Grant's Rose Mustari raises game, helping in 46-33 victory over VH
It was simply coincidental that while wearing her rose-colored basketball uniform - Grant's travel reds, in truth - Rose Mustari rose.
She rose on her jumper. She rose to the challenge.
Summoned off the bench along with three other reserves early on in a 5-5 tie against host Vernon Hills, Mustari canned two 3-pointers and later drained a third 3.
Her shooting helped give Grant a lead it never relinquished en route to a 46-33 win in a North Suburban Prairie Division game Saturday.

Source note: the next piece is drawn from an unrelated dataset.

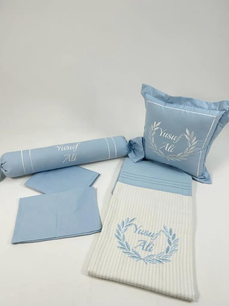 Pike takımı 5 parça krem örgü pike - mavi poplin

Mustari, mind you, has risen from obscurity on her team. She was buried on Grant's depth chart at the start of the season and played little, if at all, the first three weeks. Her minutes have slowly gone up, and she's earned them.
"You got to go with the people that are taking care of business at that time," Bulldogs coach John Eiduke said. "She's doing well for us."
Mustari scored all 9 of her points on her trio of 3s in the first half, as she helped Grant (11-7, 3-3) build a 28-19 lead by intermission. As her playing-time has increased, so has the junior guard's confidence on the court.
"When she first started coming in she was nervous, but she's been on top of her game the past few games," said C.J. Hill, who had 8 points and 8 rebounds. "Now, playing on varsity is natural to her."
"Working hard, stepping up on defense," Mustari said of how she's earned her playing-time. "I'm just trying to help our team out and help get some wins."
Mustari tied Amber Potts for team scoring honors. Potts scored 5 of her 9 points in the fourth quarter, and they were big. A free throw by Mallory Feece (game-high 11 points, 5 rebounds) pulled Vernon Hills within 32-28 with 5:31 left, but Potts sank a long two-pointer and then a 3 to hike the Grant lead back to nine.
Like Mustari, Heather Chapman gave Grant a spark off the bench. The 6-foot-2 junior had 6 points and 7 rebounds, as the Bulldogs won for the third time in their last four games.
They're 7-3 over their last 10 games.
"We can play some pretty good basketball," Eiduke said. "We just need to be very consistent. We have to work on being consistent for 32 minutes."
"We're coming together," said Hill, one of Grant's first players off the bench last season on a team that started five seniors and won 25 games. "We're a close-knit team, and we've gotten closer and closer since the beginning of the year. It shows in our game."
Vernon Hills (9-10, 2-4) got 3-pointers from Kirsten Groody, Sarah Krippinger and Alana Coy in the first quarter, but went 0 of 9 from beyond the arc the rest of the game.
"I honestly didn't think we played too poorly today," said coach Paul Brettner, whose Cougars lost their second straight after winning five in a row. "(Grant) hit some shots early. They got some second-chance points in that fourth quarter to (extend the lead) and we just didn't shoot very well."